The term “noise trader” seems to have emerged in the mid-1980s. It was coined by Albert Kyle and Fischer Black, and it refers to a stock trader who lacks access to inside information and, as a result, makes irrational investment decisions. A noise trader is a stock trader who adds liquidity to the market without distorting valuations, according to the efficient market hypothesis. Put in another way, a noise trader is one who does not use fundamental data. As a result, they tend to have poor timing, and they usually follow market trends. They tend to overreact to news about the market.

While the success rate of an individual noise trader may be poor, a market actually requires a degree of noise trading. Prices in a market tend to become fully revealing without sufficient noise trading. In a completely efficient market, it is impossible to profit; noise traders are thus the “losers” who prompt informed traders to profit.

Noise trader risk

Noise traders trust the movements of others over the fundamentals of the market or a particular company or stock. They usually mimic other investors, even when those investors are erring. The result is that they put themselves in risky positions.

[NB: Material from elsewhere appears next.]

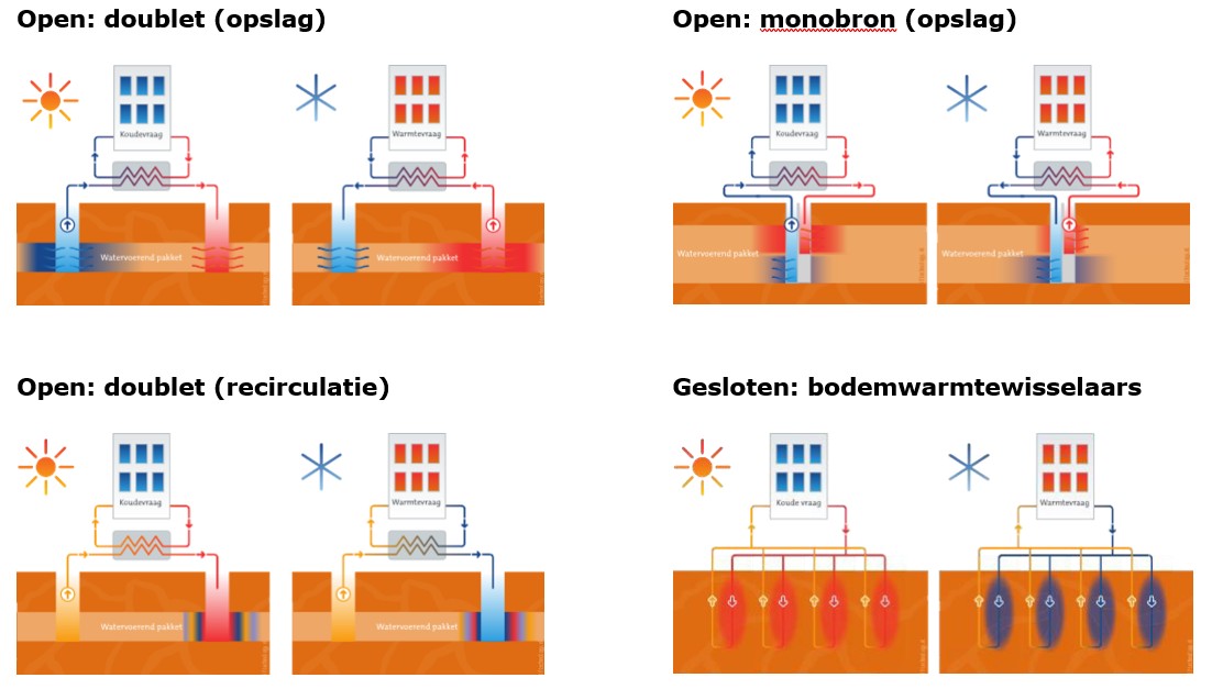 Bodemenergiesystemen maken gebruik van de bodem om warmte en/of koude op te slaan in het aanwezig grondwater. Deze warmte en/of koude wordt gebruikt voor de klimatisering van gebouwen of processen. Hiermee worden aanzienlijke energiebesparingen ten opzichte van conventionele verwarmings- en koelinstallaties gerealiseerd. Onderstaand figuur presenteert de verschillende typen bodemenergiesystemen.

Noise traders tend to rely on poor sources of information, including minor and anecdotal news, the daily chatter of financial media, and minor vibrations in the market. Some of these are caused by noise traders themselves and are a result of erratic behavior.


Many noise traders are overtraders as well, meaning that they spend time completing an excessive number of trades relative to the profit they could bring in. While this adds liquidity to markets by boosting the transaction volume, creating a solid presence of counterparts for buy and sell orders, it tends not to benefit the individual trader. It can also bring market excesses into one area of the market or another. Noise traders tend to have a short-term impact on market activity, but as the time horizon of an investment increases, the effect of noise trading becomes less prominent.